Source code for examples.provencia.etl

"""Extraction Transformation 'Loading' pipeline.

ETL pipeline from Provencia SQL database to Pandas DataFrame in RAM
"""

import configparser
import logging
from functools import reduce
from pathlib import Path

import pandas as pd
import pandera.pandas as pa
from pandas._typing import Dtype, DtypeArg
from pandera.typing.pandas import DataFrame
from sqlalchemy import create_engine, text

try:
    from .schemas import ProvenciaETLSchema
except ImportError:
    from schemas import ProvenciaETLSchema

logging.basicConfig(level=logging.INFO)
logger = logging.getLogger(__name__)

# ----- Utilities -----


def get_db_url() -> str:
    """Reads database credentials from config.ini and construct the database url."""
    # initialize config parser
    config = configparser.ConfigParser()
    config_path = Path(__file__).parent / "config.ini"

    # read config
    if not Path.exists(config_path):
        msg = (
            f"Configuration file not found at: {config_path}. "
            "Please create it from the 'config.ini.template'."
        )
        raise FileNotFoundError(msg)
    config.read(config_path)

    # format URL
    db_config = config["database"]
    host = db_config.get("host")
    dbname = db_config.get("dbname")
    user = db_config.get("user")
    port = db_config.get("port")
    password = db_config.get("password")
    return f"postgresql+psycopg2://{user}:{password}@{host}:{port}/{dbname}"


# create sql engine once as global; may be None if config.ini is absent
try:
    ENGINE = create_engine(get_db_url())
except FileNotFoundError:
    ENGINE = None


def sql2df(query: str, dtype: DtypeArg) -> pd.DataFrame:
    """Run sql query, load result in a dataframe."""
    with ENGINE.connect() as conn:
        return pd.read_sql_query(text(query), conn, dtype=dtype)


def tpl2str(lst: list[str]) -> str:
    """Transform a list of str into a string tuple.
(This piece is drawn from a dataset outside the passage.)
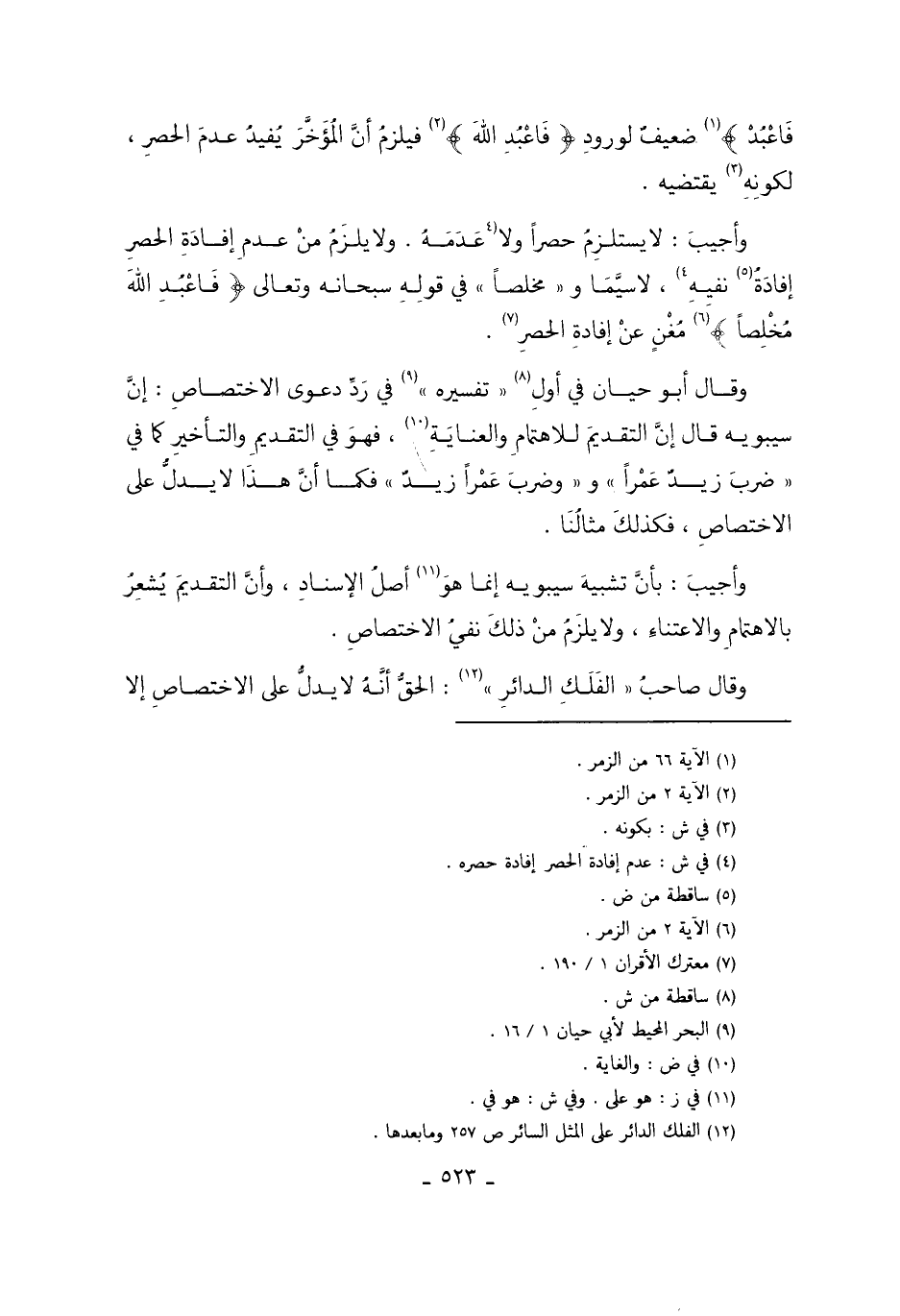 وَقَالَ أَبُو حَيَّانَ فِي أَوَّلِ8 تَفْسِيرِهِ9 فِي رَدِّ دَعْوَى الاخْتِصَاصِ: إنَّ سِيبَوَيْهِ قَالَ: إنَّ التَّقْدِيمَ لِلاهْتِمَامِ وَالْعِنَايَةِ10، فَهُوَ فِي التَّقْدِيمِ وَالتَّأْخِيرِ كَمَا فِي ضَرَبَ زَيْدٌ عَمْرًا وَضَرَبَ عَمْرًا زَيْدٌ، فَكَمَا أَنَّ هَذَا لا يَدُلُّ عَلَى الاخْتِصَاصِ، فَكَذَلِكَ مِثَالُنَا.

    Utility for :func:`select_from_where`

    Example:
        >>> tpl2str(['a', 'b', 'c'])
        '(a, b, c)'
    """
    return f"({', '.join(k for k in lst)})"


def select_from_where(
    cols: dict[str, Dtype],
    table: str,
    whr: dict[str, list[str]],
) -> pd.DataFrame:
    """Select columns from a database table where a condition is met.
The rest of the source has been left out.